Fast-track courts were established to dispose of pending lawsuits and to provide the victims with urgent legal assistance. The description of rape was limited only to sexual intercourse. The 2013 Criminal Law (Amendment) Act gave the word rape a more general definition. It amended the interpretation provided for in IPC Section 375

Since the amendment, Section 375 of the IPC describes rape as any unwanted and coercive intrusion without the consent of the woman into the parts of the woman’s body, such as the vagina, urethra, mouth or anus. Justice Verma Committee was set up that had suggested many reforms.

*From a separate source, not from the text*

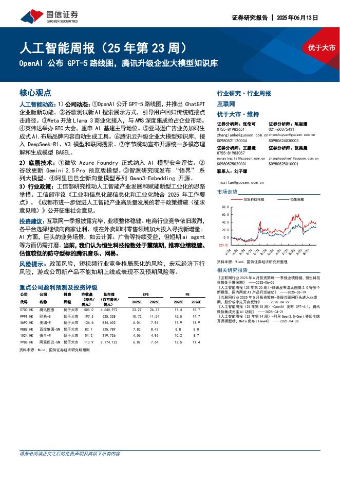 国信证券:人工智能行业周报(25年第23周):OpenAI公布GPT-5路线图,腾讯升级企业大模型知识库.pdf

The basic premise of natural justice is that everybody deserves the defence. The convicts can file an appeal against the decision and a court order within the time limit i.e within a period of 30 days as provided for in Article 115 of the 1963 Limitation Act. Beside all reforms, this case will also be remembered as the case where the accused have systematically manipulated the judicial process and tested the country’s tolerance. 

The convicts can not be hanged until the last person on the death row has exhausted his remedies, as per the SC judgment in the case of  Harbans Singh vs. State of UP & Ors. Hanging has to happen one by one. All who have exercised their legal options should be hanged. In the same situation, one convict deliberately causes the delay in filing the petition and makes others wait, a nice way to extend the date of hanging. This case exposed the loopholes which exist in our legal system.